Inferred_genos    Zarr_genotypes    SampleData_genos  SD alleles
[1 0 1 0 1 0 1 1] [1 0 1 0 1 0 1 1] [1 0 1 0 1 0 1 1] ['G' 'C'] 0 
[0 1 1 0 0 0 0 0] [0 1 1 0 0 0 0 0] [0 1 1 0 0 0 0 0] ['G' 'A'] 0 
[1 0 1 0 1 1 0 0] [1 0 1 0 1 1 0 0] [1 0 1 0 1 1 0 0] ['T' 'A'] 0 
[1 0 1 1 1 0 1 1] [1 0 1 1 1 0 1 1] [1 0 1 1 1 0 1 1] ['G' 'A'] 0 
[1 1 1 1 0 1 0 0] [1 1 1 1 0 1 0 0] [1 1 1 1 0 1 0 0] ['C' 'G'] 0 
[0 0 1 1 1 0 0 1] [0 0 1 1 1 0 0 1] [0 0 1 1 1 0 0 1] ['G' 'A'] 0 
[0 0 0 0 0 0 0 0] [0 1 0 1 1 0 0 1] [0 1 0 1 1 0 0 1] ['T' 'T'] 0 <<<< BAD!!!
[0 0 0 0 0 0 0 0] [1 0 0 0 0 1 0 1] [1 0 0 0 0 1 0 1] ['C' 'C'] 0 <<<< BAD!!!
[0 1 0 1 1 1 1 1] [0 1 0 1 1 1 1 1] [0 1 0 1 1 1 1 1] ['T' 'G'] 0 
[0 0 1 1 0 1 1 0] [0 0 1 1 0 1 1 0] [0 0 1 1 0 1 1 0] ['A' 'G'] 0 

Edit - reported as a bug in https://github.com/sgkit-dev/sgkit/issues/1221

hyanwong commented 1 month ago

I didn't realise this could happen. Perhaps it's worth bugging out if there are duplicated allelic states for a site, as this is pretty confusing.

jeromekelleher commented 1 month ago

Nothing actually checks this I guess, so worth detecting and bugging out here.

Clearly a bug in the sgkit simulator, though.
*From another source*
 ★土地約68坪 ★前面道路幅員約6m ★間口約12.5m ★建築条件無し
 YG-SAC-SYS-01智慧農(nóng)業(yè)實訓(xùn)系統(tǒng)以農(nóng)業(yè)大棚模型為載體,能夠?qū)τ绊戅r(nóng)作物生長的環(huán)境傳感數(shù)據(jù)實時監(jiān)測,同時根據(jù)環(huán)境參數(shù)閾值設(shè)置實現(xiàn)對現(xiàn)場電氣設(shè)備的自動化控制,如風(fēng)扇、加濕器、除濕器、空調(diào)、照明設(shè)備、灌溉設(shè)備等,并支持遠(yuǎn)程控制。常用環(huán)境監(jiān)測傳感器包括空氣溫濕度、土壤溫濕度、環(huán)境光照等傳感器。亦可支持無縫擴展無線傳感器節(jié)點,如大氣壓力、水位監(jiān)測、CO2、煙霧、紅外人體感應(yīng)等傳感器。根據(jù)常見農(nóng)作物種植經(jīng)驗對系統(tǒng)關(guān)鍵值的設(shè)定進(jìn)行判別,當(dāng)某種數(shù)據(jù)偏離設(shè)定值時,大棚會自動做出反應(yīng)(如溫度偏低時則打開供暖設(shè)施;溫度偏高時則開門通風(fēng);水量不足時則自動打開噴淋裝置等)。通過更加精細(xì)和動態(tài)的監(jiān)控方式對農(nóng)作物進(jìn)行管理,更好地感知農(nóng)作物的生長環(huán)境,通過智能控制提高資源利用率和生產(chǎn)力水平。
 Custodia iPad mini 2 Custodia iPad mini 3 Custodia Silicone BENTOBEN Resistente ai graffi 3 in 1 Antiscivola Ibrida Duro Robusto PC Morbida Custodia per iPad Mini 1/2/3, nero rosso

benjeffery commented 1 month ago

Phew, had me worried there for a moment! As Jerome says we should error out on this condition.

hyanwong commented 1 month ago

I changed the name of the issue to reflect what needs doing.